Originally, functions in JavaScript form closures. Closures are a combination of functions and the lexical environment in which they are declared. The environment contains any local variables that were in scope when the closure was created.
As we expected! :
Say is the internal sayHello method. When we get an instance of the say method (var fun = sayHello()), the say instance ensures that all of its internal variables are properly accessed. Therefore, it is not surprising that when we call fun, an instance of say, we can access the variable sentence used by say.
Bad and good…
Closures look strange, as you might expect if every time a function instance is created, its internal methods have to be redefined.
Take the constructor as an example:
function Person(name,age) {
this.name = name;
this.sayHello = function(){console.log("My name is ",name)};
}
Copy the code
According to closures, sayHello is defined repeatedly each time a Person is instantiated. If there are a lot of instance objects, repeating methods can take up a lot of space. Fortunately, prototypes can be used here:
function Person(name) {
this.name = name;
}
Person.prototype.sayHello = function(){console.log("My name is ".this.name)};
Copy the code
So what’s good about closures? Of course, closures have their advantages.

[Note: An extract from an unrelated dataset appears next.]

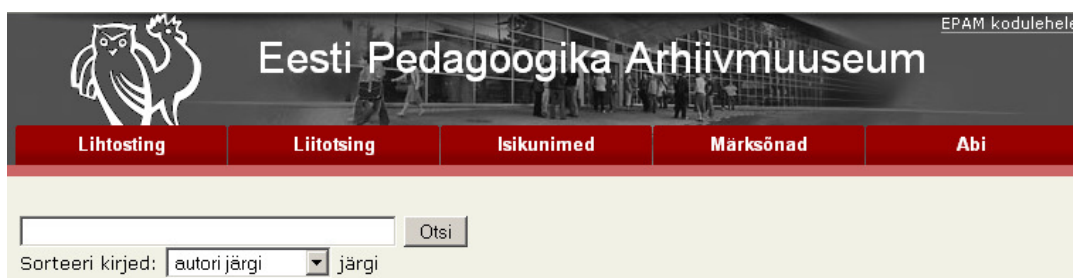
Joonis 13. E-andmebaasi avaleht.

E-andmebaas asub aadressil http://epam.tlu.ee/ . Muuseumi e-andmebaasi veebileht on jagatud viide osasse. Neist neli esimest on mõeldud otsingute tegemiseks ja viies on abimaterjal otsingute teostamiseks (vt Joonis 13). Abimaterjalis on kirjas väga üldine info, järgnevalt tutvustatud probleeme ei ole seal kirjeldatud.

Closures bind external variables and method instances together. Is this an encapsulation?
We can:
var names = ["chao"."zhao"."tao"."yao"];
var say = function(str){
return function(){
console.log("My name is ",str);
};
};
var funs =[];
for(var i in names)
funs[i] = say(names[i]);
for(var f of funs)
f();
Copy the code
The internal method of SAY maintains its own lexical environment, holding the variable STR. So, although STR is constantly changing (each STR is a new STR), the method instances are maintained one by one, so the output of each method instance in the array funs is ultimately called is different:
My name is chao
My name is zhao
My name is tao
My name is yao
Copy the code
👌, probably so, each big guy reward a praise 👍 bie!
— — — — — —
One last example if you don’t use an inner function:
var names = ["chao"."zhao"."tao"."yao"];
var say = function(str){
console.log("My name is ",str);
};
var funs =[];
for(var i in names)
funs[i] = function(){console.log("My name is "+names[i])};
for(var f of funs)
f();
Copy the code
Output:
My name is yao
My name is yao
My name is yao
My name is yao
Copy the code
This is because functions maintain the lexical context of each closure, but I remains the same. Keep going, keep going, always the I that ends up equal to 3 (if I use for(var I = 0; i < names.Length; I ++) and finally I is 4). Let I instead of var I is different, the reason can be explained by 😆.